На моем, излишне вертком языке так и вертелось повторное напоминание о том, что предстоящая служба в «музыкальной мастерской» прямо зависит от успехов Волина в поисках Костяка. С трудом сдержался.

— Надеюсь, понимаете — наш с вами разговор не предназначен для третьей пары ушей?

— Понимаю…

Волин наполнил рюмки, поднял одну из них, звякнул донышком о верх моей. Жеманно вздохнул.

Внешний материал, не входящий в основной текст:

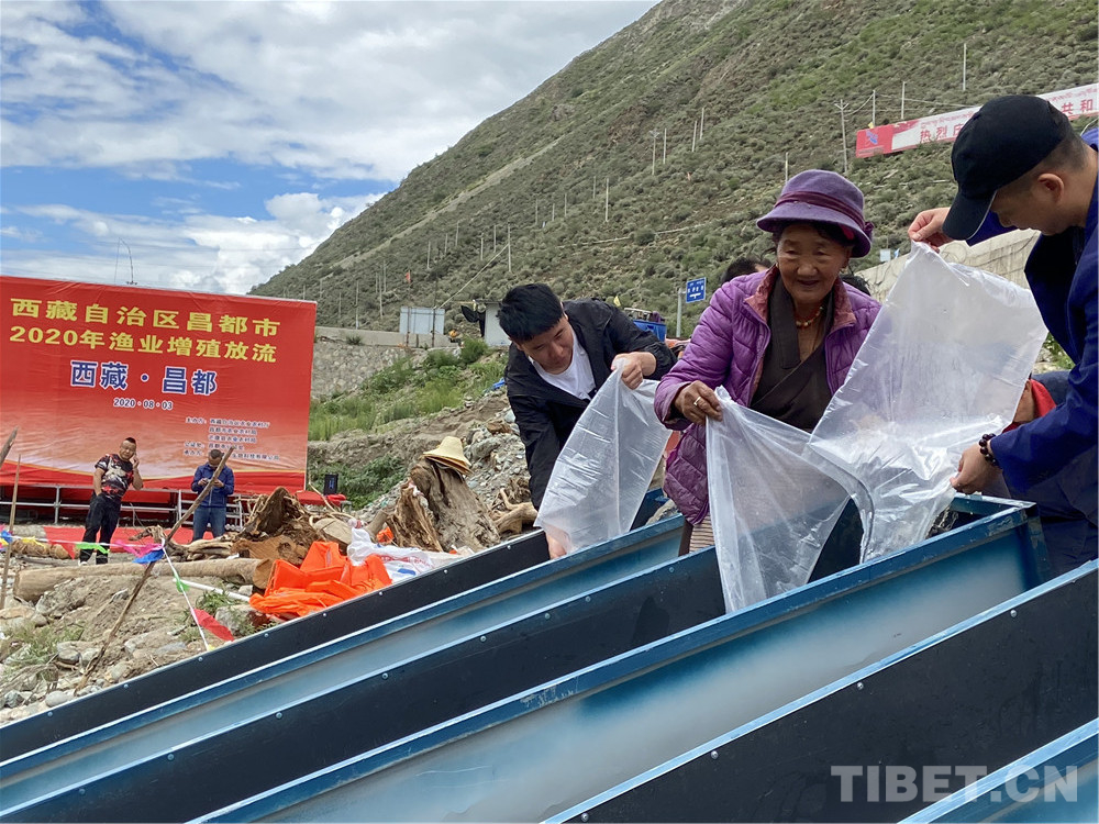 在工作人員協(xié)助下,老阿媽把一袋袋魚苗放入江中。據(jù)老阿媽說,當年十八軍進藏路過這里,帶的糧食不多,他們不向當?shù)厝苏骷Z,有些人餓得浮腫。江河中的魚兒好抓,但沒有一個戰(zhàn)士違反紀律去抓魚。藏族敬畏魚,不捕魚,不吃魚。解放軍尊重當?shù)仫L俗,即使餓死也不抓魚充饑。

На подобии женщины, желающей отдаться мужику, но не знающей, как лучше показать это свое желание.

— Все же зря вы заняли такую непримиримую позицию, дорогой Константин Сергеевич… В нашем мире все взаимосвязано, любой необдуманный поступок может отрицательно сказаться либо на нас самих, либо на близких нам людях… К примеру, были этой осенью с женой на рынке, я поскользнулся и… сбил её с ног. Открытый перелом, сотрясение мозга. А все почему — неосторожно наступил на скрытую под снежком проплешину льда… Или один мой приятель, такой же бизнесмен, торопися в свой офис и на солидной скорости врезался в дерево на обочине дороги. Результат — труп, который с трудом опознали…

Тогда я не придал значения этим многозначительным примерам — мало ли о чем может болтать подвыпивший мужик в состоянии хмельной разнеженности? Отделался твердым обещанием сменить твердокаменную позицию на более умеренную.

— Постарайтесь управиться со своими росбетоновскими делами максимум за пару недель. Мне не звоните — сам вас найду…

Расстались почти дружески. Как принято, выпили на посошок, заверили друг друга в неизменных симпатиях и приязни. Тот же мордатый парняга, появившись, будто из под земли, вывел меня в «приемную комнату» и сдал с рук на руки такому же мордатому приемщику. Тот одновременно принимал в ремонт от старика допотопный баян и желал мне всего самого наилучшего.

— Заходите к нам в любое время по любому поводу, — расплывался он подтаявшей наледью, сродни той, на которой поскользнулся его хозяин зимой. — Мы ценим добрых, культурных посетителей… Семен Аркадьевич именно так охарактернизовал вас… Босс — талантливый психолог, с первого взгляда отличает самородок золота от куска пустой породы… Он и рекомендовал вас коллективу мастерской…

Интересно, когда Волин успел это сделать? По телефону внутренней связи, что ли, пока мы с «конвоиром» петляли по коридорам и переходам? Таинственное дружелюбие напоминает острую заточку, завернутую в тряпицу, благоухающую французскими духами…

Выбрался я на Цеховую улицу во второй половине дня. Самое время побеспокоить медоточивую секретаршу помощника депутата. Авось, кофе с пирожными подавили в ней чувство подозрительности и я добуду «пропуск» к получателю письма Вартаньяна.

Дай— то Бог… Или -Сатана, если Господь не поможет.

Видимо, молитва долетела до Всевышнего намного скорей, нежели обращение к Дьяволу, и я получил желанную помощь. В виде восторженного голоска секретарши.

— Господин Громобоев? Слава Богу, а то мы уже заждались… Господин Никаноров согласился принять вас завтра утром. К сожалению, сегодняшний день расписан у него буквально по минутам…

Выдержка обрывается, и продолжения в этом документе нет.